▶ _What is being asked_
Your answer should repeat the entries in full, exactly as given, with no pictures.

▶ _Data shown_
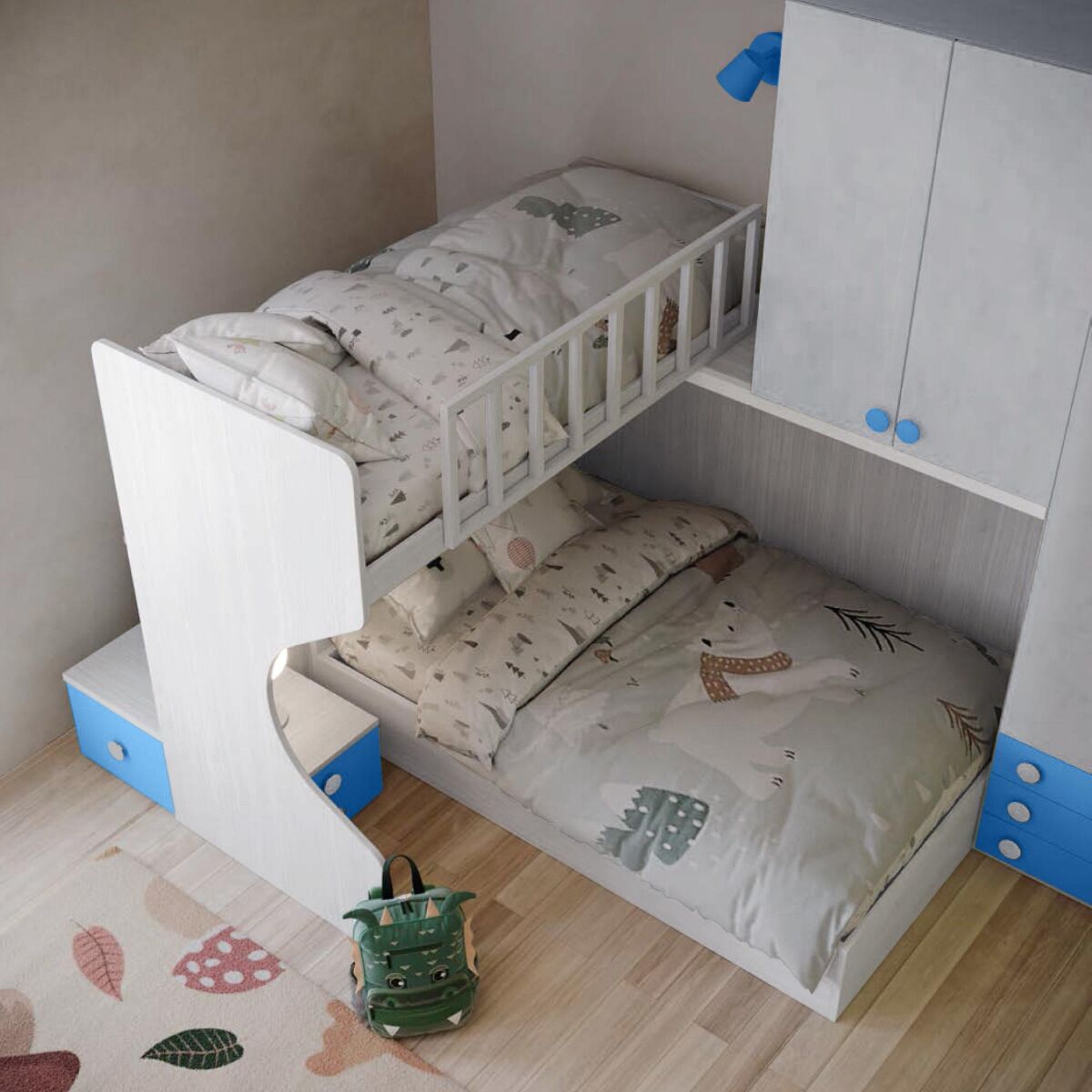 La cameretta con soppalco angolare è composta da un letto singolo superiore con protezione, una scaletta con cassettoni, un modulo a 2 ante sospeso ed un modulo a 2 ante con 3 cassetti inferiore.
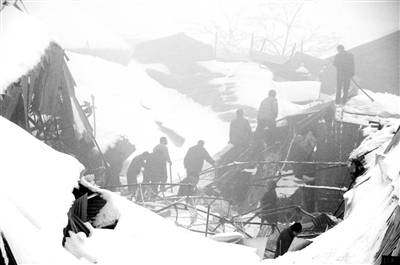 11月13日,河北邢台被暴雪压垮的果品市场,工人正在清理现场。
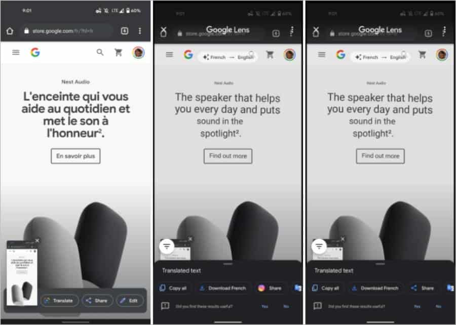 ปุ่มแปลภาษาจะปรากฏขึ้นบนหน้าจอเมื่อคุณใช้ Google Lens จับภาพของข้อความต่าง ๆ ที่คุณได้ทำการแคปเอาไว้ จากนั้นให้คลิกที่ปุ่มดังกล่าวเพื่อให้ระบบทำการตรวจจับและแปลข้อความที่คุณต้องการได้อย่างรวดเร็ว
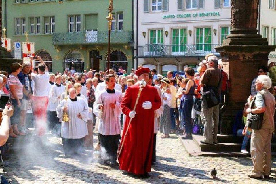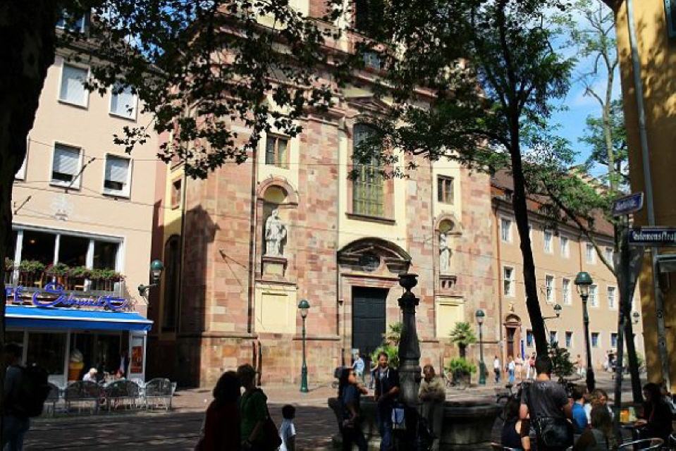 1529 war das Basler Domkapitel vor den Schweizer Reformatoren hierher geflüchtet. Von da aus sind es nur wenige Schritte zum Kartoffelmarkt, dessen neugotischer Brunnen von den Ständen “fliegender Händler” umgeben ist mit einem vielfältigen Angebot an Schmuck, Lederwaren, textilen Produkten oder Kerzen. Der Blick über die Handwerkerstände führt auf das rote Gebäude der Sparkasse. Von der anderen Seite, der Franziskanerstraße, ist in diesen Bau das “Haus zum Wallfisch” einbezogen, eines der schönsten spätgotischen Bürgerhäuser Freiburgs.
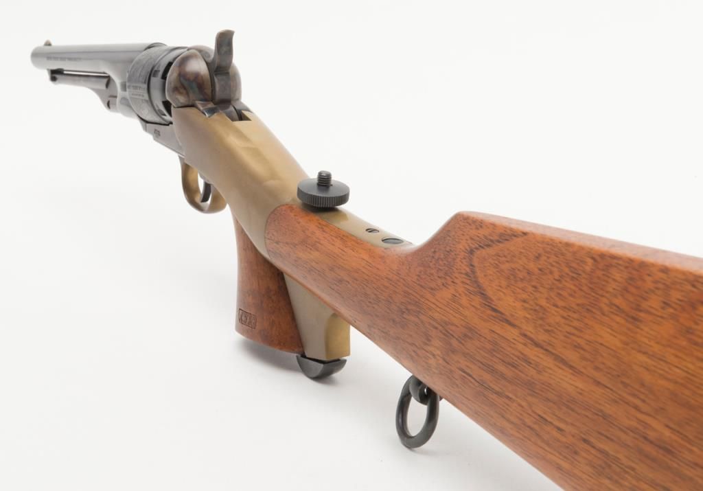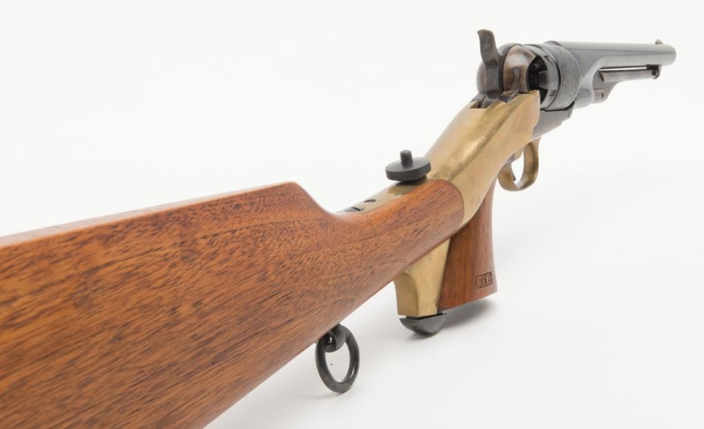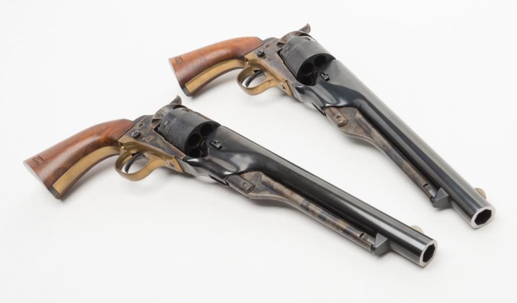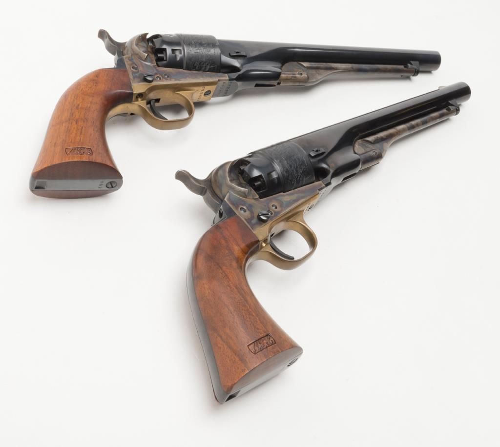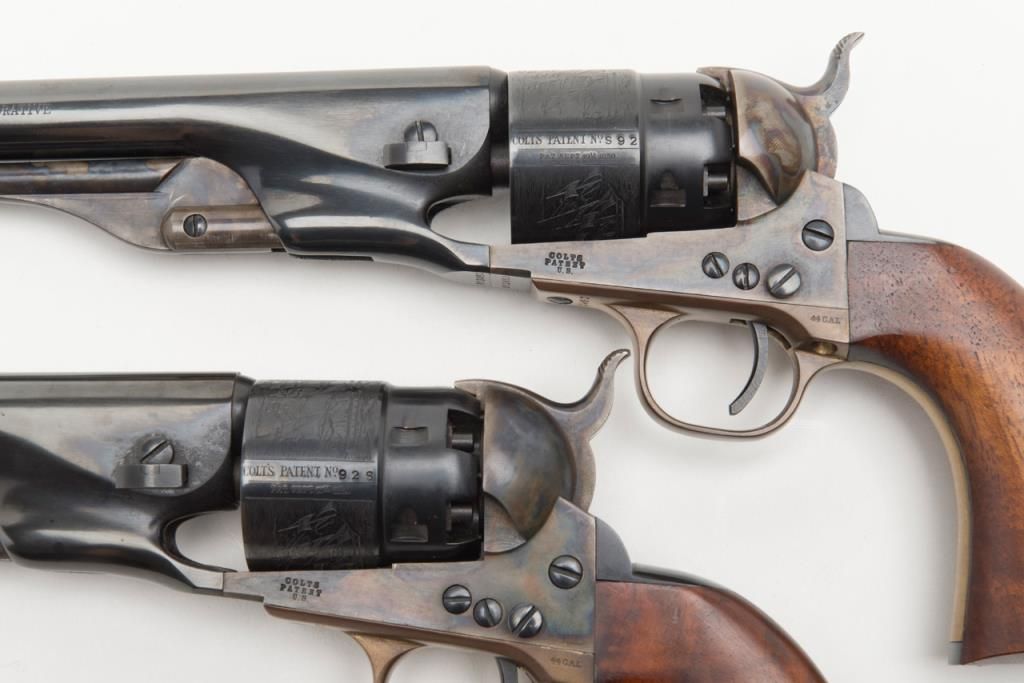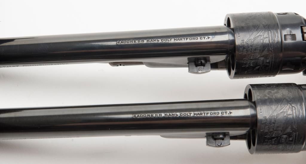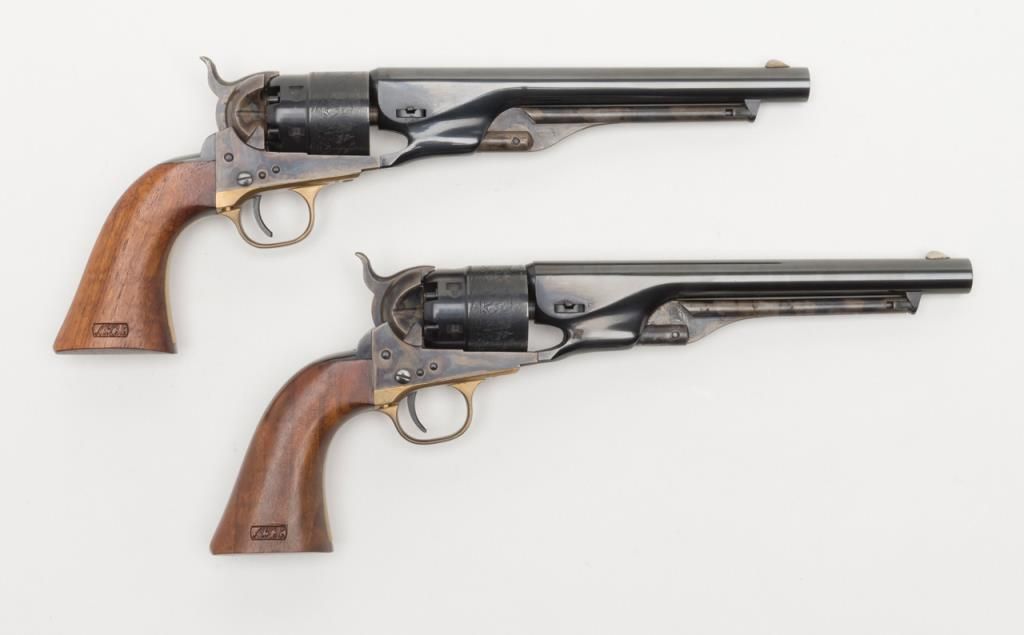 Colt United States Cavalry 200th Anniversary Commemorative Presentation Cased Set (1777-1977) consisting of two Colt Blackpowder Series Model 1860 Army percussion revolvers, #s 2492US and US2492 plus a brass and woodshoulder stock, #US2492, all in like new condition showing little handling. The casing is also in fine condition with blue interior lining, blued bullet mold, powder flask, cap tin, lead balls, combination wrench/screwdriver and key to casing. Colt manufactured only 3,000 of these Commemorative sets for the 200th Anniversary. Est.: $1,500-$3,000.
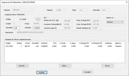 Existe la posibilidad de asignar varias unidades de obras complementarias al material de una capa determinada. Con los botones de “Insertar”, “Editar” y “Borrar” podremos gestionar las asignaciones.
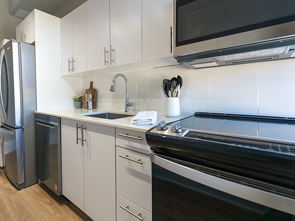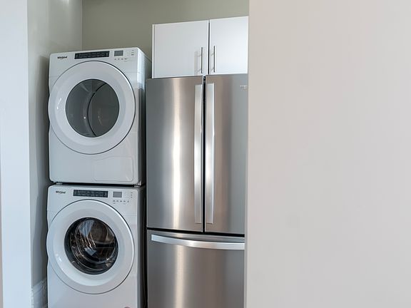 - Individually controlled heating and air conditioning with in-suite heat pumps- Luxury vinyl plank flooring throughout excluding bathroom(s)- Ceramic tile flooring in bathrooms- In-suite laundry featuring Whirlpool front-loading washer and dryer- Bell Fibre Unlimited high-speed internet included at a promotional rate- Brand new Whirlpool stainless steel appliances including fridge, slidingin stove with selfcleaning oven and airfryer function, dishwasher with quiet power motor, OTR microwave with venting system exhaust fan- Modern high-quality flat panel kitchen cabinet with soft close hinges- Custom Caesarstone kitchen counters- Stainless sink with single lever faucet with pullout spray by Sterling (a Kohler company)- White subway tile backsplash from countertop to the underside of upper cabinets
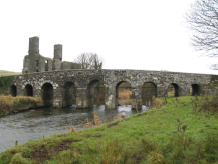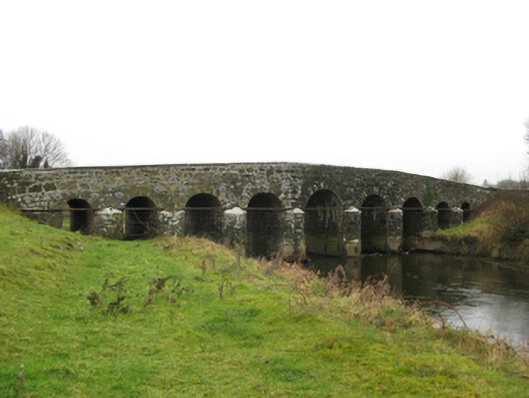Nine-arch hump back road bridge over river, extant 1838. Part ivy-covered walls centred on triangular cutwaters to piers to upriver (east) elevation having pyramidal capping with lichen-covered "saddleback" coping to parapets. Series of nine round or segmental arches between cast-iron "Pattress" tie plates with repointed voussoirs. Sited spanning Dalgan River with unkempt grass banks to river.

▶ _Exercise result_
 La cameretta con soppalco angolare è composta da un letto singolo superiore con protezione, una scaletta con cassettoni, un modulo a 2 ante sospeso ed un modulo a 2 ante con 3 cassetti inferiore.
 11月13日,河北邢台被暴雪压垮的果品市场,工人正在清理现场。
 ปุ่มแปลภาษาจะปรากฏขึ้นบนหน้าจอเมื่อคุณใช้ Google Lens จับภาพของข้อความต่าง ๆ ที่คุณได้ทำการแคปเอาไว้ จากนั้นให้คลิกที่ปุ่มดังกล่าวเพื่อให้ระบบทำการตรวจจับและแปลข้อความที่คุณต้องการได้อย่างรวดเร็ว
 1529 war das Basler Domkapitel vor den Schweizer Reformatoren hierher geflüchtet. Von da aus sind es nur wenige Schritte zum Kartoffelmarkt, dessen neugotischer Brunnen von den Ständen “fliegender Händler” umgeben ist mit einem vielfältigen Angebot an Schmuck, Lederwaren, textilen Produkten oder Kerzen. Der Blick über die Handwerkerstände führt auf das rote Gebäude der Sparkasse. Von der anderen Seite, der Franziskanerstraße, ist in diesen Bau das “Haus zum Wallfisch” einbezogen, eines der schönsten spätgotischen Bürgerhäuser Freiburgs.
 Colt United States Cavalry 200th Anniversary Commemorative Presentation Cased Set (1777-1977) consisting of two Colt Blackpowder Series Model 1860 Army percussion revolvers, #s 2492US and US2492 plus a brass and woodshoulder stock, #US2492, all in like new condition showing little handling. The casing is also in fine condition with blue interior lining, blued bullet mold, powder flask, cap tin, lead balls, combination wrench/screwdriver and key to casing. Colt manufactured only 3,000 of these Commemorative sets for the 200th Anniversary. Est.: $1,500-$3,000.
 Existe la posibilidad de asignar varias unidades de obras complementarias al material de una capa determinada. Con los botones de “Insertar”, “Editar” y “Borrar” podremos gestionar las asignaciones.
 - Individually controlled heating and air conditioning with in-suite heat pumps- Luxury vinyl plank flooring throughout excluding bathroom(s)- Ceramic tile flooring in bathrooms- In-suite laundry featuring Whirlpool front-loading washer and dryer- Bell Fibre Unlimited high-speed internet included at a promotional rate- Brand new Whirlpool stainless steel appliances including fridge, slidingin stove with selfcleaning oven and airfryer function, dishwasher with quiet power motor, OTR microwave with venting system exhaust fan- Modern high-quality flat panel kitchen cabinet with soft close hinges- Custom Caesarstone kitchen counters- Stainless sink with single lever faucet with pullout spray by Sterling (a Kohler company)- White subway tile backsplash from countertop to the underside of upper cabinets
Nine-arch hump back road bridge over river, extant 1838. Part ivy-covered walls centred on triangular cutwaters to piers to upriver (east) elevation having pyramidal capping with lichen-covered "saddleback" coping to parapets. Series of nine round or segmental arches between cast-iron "Pattress" tie plates with repointed voussoirs. Sited spanning Dalgan River with unkempt grass banks to river.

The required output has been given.